Affordable art in a dipping economy by Saurabh Singhvi

A new exhibition cum sale in the capital city lets you pocket artworks by Indian Masters for below Rs 20 lakh.

Published: 04th March 2020 07:50 AM  |   Last Updated: 04th March 2020 07:50 AM   |  A+A-

Singhvi explains that this move at making art more accessible has always been the need of the hour.

Singhvi explains that this move at making art more accessible has always been the need of the hour.

Express News Service

As economies around the world and in India face tough times, it is important that the option of affordable art is promoted. In India, there is always demand for works by the Masters and senior artists.
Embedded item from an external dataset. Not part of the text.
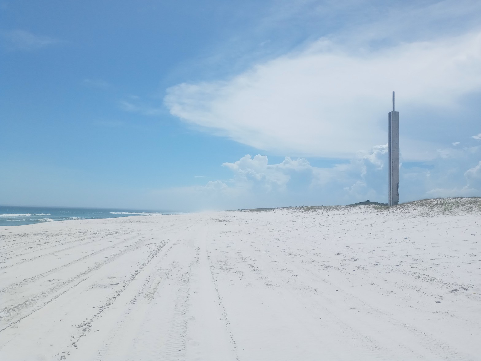 Stranden var imponerende. Krittvitt sand og litt for høye bølger. Det var satt opp varselskilt at bading var på eget ansvar og det var ingen livreddere i området. Sanden var glovarm og gå på og det var 500meter jeg måtte gå til landemerket. Skuffende greier. Dette var ikke en imponerende turistattraksjon. Jeg skjønte heller ikke helt hva det egentlig var. En lang betongstolpe på stranden. Ikke noe skilt, eller forklaring på hva dette skulle være. Jeg fant heller ikke noe på internett. Kanskje det var et tidligere gammelt fyrtårn? Jeg fikk ikke stått og tenkt så lenge. Den varme hvite stranden brant føttene mine og jeg måtte skynde meg for å avkjøle de i havet. Jeg hadde rett. Vannet var bikkjekaldt. Jeg og kona brukte dagen her og det ble mange avkjølende bad. Stranden var skummel og bade i. Sterk understrøm og høye bølger. Jeg gikk selvfølgelig ikke langt uti.

Hence, we got this idea where collectors and art enthusiasts can view, appreciate and collect works of celebrated Indian artists at affordable prices,” says Saurabh Singhvi, Director, Art Magnum Gallery, on the first edition of Affordable Masters, an exhibition sale of artworks between Rs 60,000 to Rs 20 lakh.

Top highlights at this Delhi showcasing are MF Husain’s sketches, FN Souza and Krishen Khanna’s drawings, KG Subramanyan’s watercolours, and Jamini Roy’s works in different mediums. On view, are also distinct calendar artworks by Ganesh Haloi and Jogen Chowdhury.

“Chowdhury’s and KG Subramnayan terracotta plates are also on display in this first edition,” informs Singhvi. Pointing at how Husain’s artworks under Rs 20 lakh will be a surprise to many, given the popularity of the Modernist, Singhvi says, “Most of us recognise Husain’s artworks to be big canvases. But he also did smaller ink-on-paper and watercolour-on-paper works that are available in the forthcoming exhibition at a low price (Rs 5,00,000) as compared to his large works.”

Most of the artworks, Singhvi notes, are sourced from renowned private collections. Two wearable scarves made in collaboration with designer label Satya Paul in 2005, featuring Raza’s paintings, will also be on display.

“Around 100 scarves were made during that time, and the ones we will display in the show are signed by both Paul and Raza.”

Singhvi explains that this move at making art more accessible has always been the need of the hour. The art market is essentially a buyer’s market and hence the margins for galleries are thinner than ever. Marketing an artwork is as challenging as other commodities, as artworks too have found their presence online.

“It’s tough to get the buyers at the galleries. Just like other commodities, people expect art also to come to them. However, it is critical for the future of art in India to somehow get art lovers back to the galleries and we are doing our bit in achieving this goal.”

A seasoned collector himself, Singhvi cautions people against fakes, saying, “The issue of fakes is a very serious challenge. It becomes very important for galleries to be cautious and know their sources well.”